Среди заводов, зданий скромных и чистых он катил свою машину. Все эти люди, которые строят, делают, добиваются, которые знают, что они хотят и к чему стремятся. Вот где настоящая жизнь, на этих дорогах, где сидят шоферы, напяливая шины на колеса, а не там на подступах к лесу, где они всегда жили и вращались.

Но разве его жена не была из категории таких же рабочих. Разве она не строила также будущее, разве она не знала, чего хотела и разве не доказала блестяще, что умеет всегда добиться чего хочет. Разве эти заводы не живут ее трудом, разве машины их вертятся не потому, что там в городе есть ее лаборатории, где который год она перестраивает челочевество. И что же. Не путалась ли эта женщина так же как и они и как все они в мелких историях, не говорила ли она постоянно, что труд ее ни к чему, так мы все равно погибаем и скоро от этого города останутся только развалины.

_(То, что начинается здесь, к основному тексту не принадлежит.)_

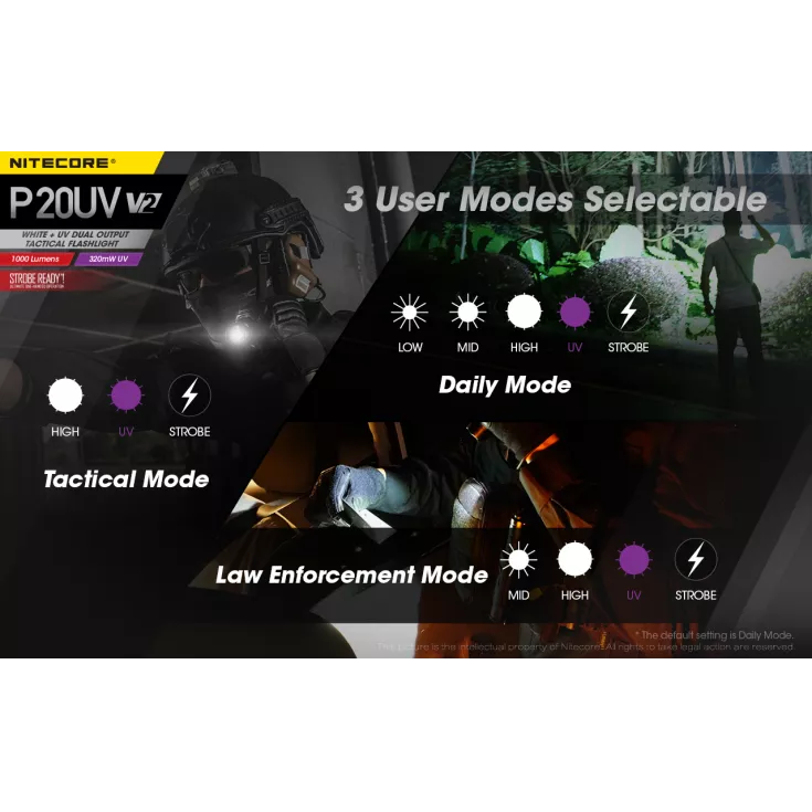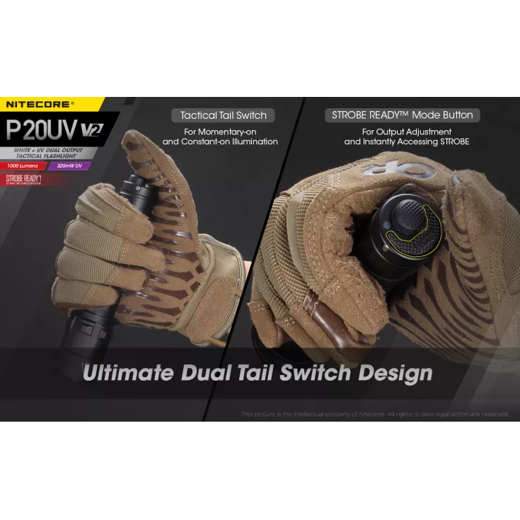 The Nitecore P20UV V2 retains the popular features of the original with an increase of brightness from the white LED output to 1000 lumens and 320mW UV (wavelength 365nm). Powered by a single 18650 Li-ion battery or two CR123A primary cells.

Как примирить эти невероятные противоречия. К чему весь этот строй, когда все равно сейчас он тоскует за рулем и знает, что если он эту тоску подавит и от этой сентиментальности излечится, то только увильнет от вопроса, а не решит вопроса.

Усиливающийся голод успокоил его. Надо было ехать в поисках пищи. Вот все что осталось от него и его культуры.

Он повернул машину и погнал ее обратно. Ничто не казалось ему другим. Но он понимал, что все может быть другим и в другом каком то виде воспринимал обратную дорогу. Но надо выбрать иной путь.

Он свернул и поехал новыми дорогами, преодолел новые ворота и новые улицы. Вот они эти кушающие люди его друзья его сородичи. Что бы не отделяло их от него, не на желудке ли строилось объединение человечества? Не желудок ли руководил всем? А любовь? Какие глупости, это такое же пищеварение как и все остальное. Жена это тоже самое, что ежедневная котлета. Любовь к измене признак неуравновешенности.

Его миросозерцание было достаточно глупо и закончено, чтобы не развеселить его.

Настроение его было великолепно, аппетит также. Голова прошла, все проветрилось, он забыл и разстригу и случай у щеголя и все, кроме аппетита.